Problem: Write out the records word for word, with no pictures.

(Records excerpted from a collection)
________________________________________
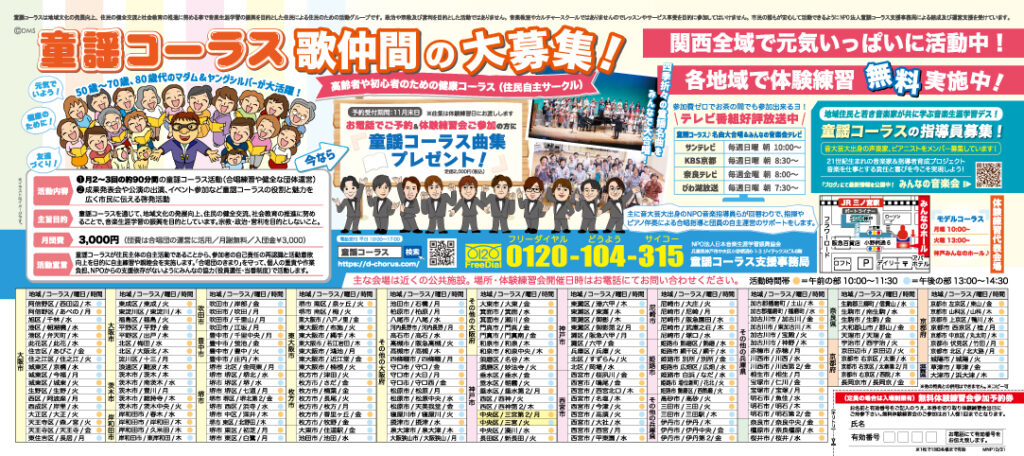 関西地区(伊丹・神戸空港)と関東・中部東海地区の童謡コーラスの歌仲間100名様限定
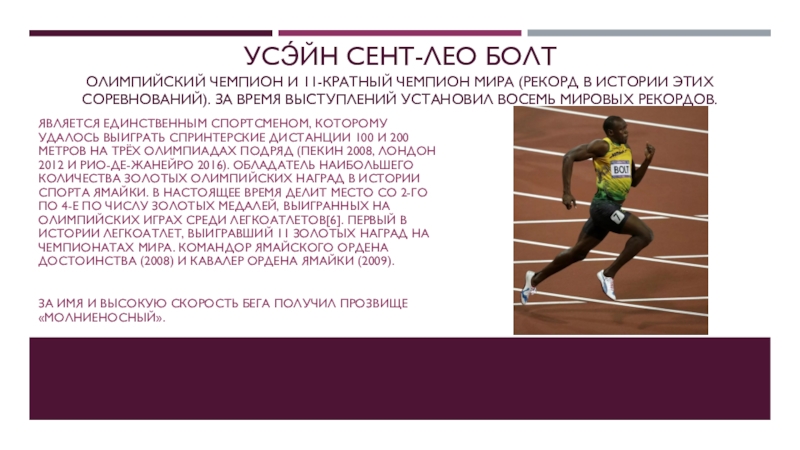 Является единственным спортсменом, которому удалось выиграть спринтерские дистанции 100 и 200 метров на трёх Олимпиадах подряд (Пекин 2008, Лондон 2012 и Рио-де-Жанейро 2016). Обладатель наибольшего количества золотых олимпийских наград в истории спорта Ямайки. В настоящее время делит место со 2-го по 4-е по числу золотых медалей, выигранных на Олимпийских играх среди легкоатлетов[6]. Первый в истории легкоатлет, выигравший 11 золотых наград на чемпионатах мира. Командор ямайского ордена Достоинства (2008) и кавалер ордена Ямайки (2009).
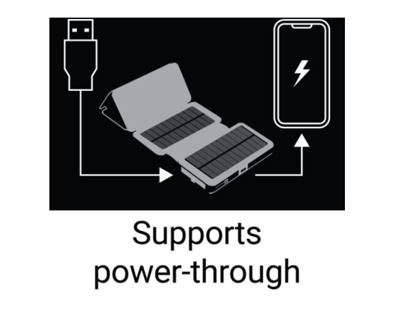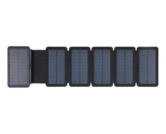 Ko ste daleč proč od vtičnice, lahko napajalnik hitro napolnite s pomočjo velikega zložljivega solarnega kolektorja iz 6 solarnih plošč. Na ta način boste lahko svojo opremo vedno napolnili. Prenosna baterija ima dva izhoda USB-A in en izhod USB-C PD 20 W za hitro polnjenje. Priložen je tudi karabin, s katerim lahko baterijo med solarnim polnjenjem obesite na šotor ali nahrbtnik. Solarne plošče lahko po potrebi pripnete ali odpnete. To je popolna rešitev za mobilno polnjenje na družinskem dopustu, pohodu ali kaki drugi pustolovščini.
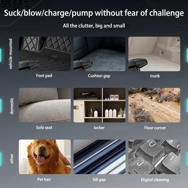● مزود بمحرك بدون فرش ومخرج هواء مركز، ما يمنحك تنظيفًا دقيقًا للأجهزة، لوحات المفاتيح، السيارات وغيرها بسهولة
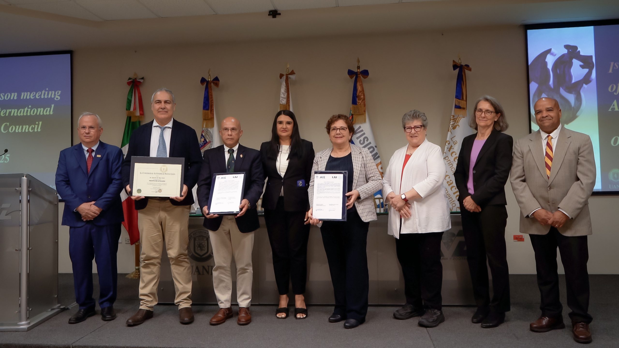 Desde el 8 y hasta el 10 de octubre del presente año se llevó a cabo la primera reunión presencial con los miembros del Consejo Asesor Internacional de nuestra facultad, en donde se entregó el nombramiento a cada uno de los miembros, así como la distinción al primer profesor afiliado de la facultad, el doctor Ignacio de Blas, catedrático de la Universidad de Zaragoza España, en el marco de esta reunión, se llevó a cabo la firma del convenio con el Colegio de Medicina Veterinaria de la Universidad de Long Island, fortaleciendo así la proyección internacional de nuestra facultad.
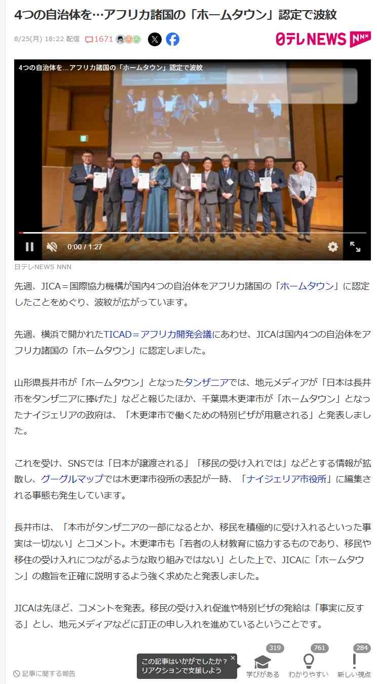 日本人さん、英語力が低すぎて「ホームタウン」が移民を促進する意味だと思い込み発狂w
________________________________________
Answer space:
 関西地区(伊丹・神戸空港)と関東・中部東海地区の童謡コーラスの歌仲間100名様限定
 Является единственным спортсменом, которому удалось выиграть спринтерские дистанции 100 и 200 метров на трёх Олимпиадах подряд (Пекин 2008, Лондон 2012 и Рио-де-Жанейро 2016). Обладатель наибольшего количества золотых олимпийских наград в истории спорта Ямайки. В настоящее время делит место со 2-го по 4-е по числу золотых медалей, выигранных на Олимпийских играх среди легкоатлетов[6]. Первый в истории легкоатлет, выигравший 11 золотых наград на чемпионатах мира. Командор ямайского ордена Достоинства (2008) и кавалер ордена Ямайки (2009).
 Ko ste daleč proč od vtičnice, lahko napajalnik hitro napolnite s pomočjo velikega zložljivega solarnega kolektorja iz 6 solarnih plošč. Na ta način boste lahko svojo opremo vedno napolnili. Prenosna baterija ima dva izhoda USB-A in en izhod USB-C PD 20 W za hitro polnjenje. Priložen je tudi karabin, s katerim lahko baterijo med solarnim polnjenjem obesite na šotor ali nahrbtnik. Solarne plošče lahko po potrebi pripnete ali odpnete. To je popolna rešitev za mobilno polnjenje na družinskem dopustu, pohodu ali kaki drugi pustolovščini.
● مزود بمحرك بدون فرش ومخرج هواء مركز، ما يمنحك تنظيفًا دقيقًا للأجهزة، لوحات المفاتيح، السيارات وغيرها بسهولة
 Desde el 8 y hasta el 10 de octubre del presente año se llevó a cabo la primera reunión presencial con los miembros del Consejo Asesor Internacional de nuestra facultad, en donde se entregó el nombramiento a cada uno de los miembros, así como la distinción al primer profesor afiliado de la facultad, el doctor Ignacio de Blas, catedrático de la Universidad de Zaragoza España, en el marco de esta reunión, se llevó a cabo la firma del convenio con el Colegio de Medicina Veterinaria de la Universidad de Long Island, fortaleciendo así la proyección internacional de nuestra facultad.
 日本人さん、英語力が低すぎて「ホームタウン」が移民を促進する意味だと思い込み発狂w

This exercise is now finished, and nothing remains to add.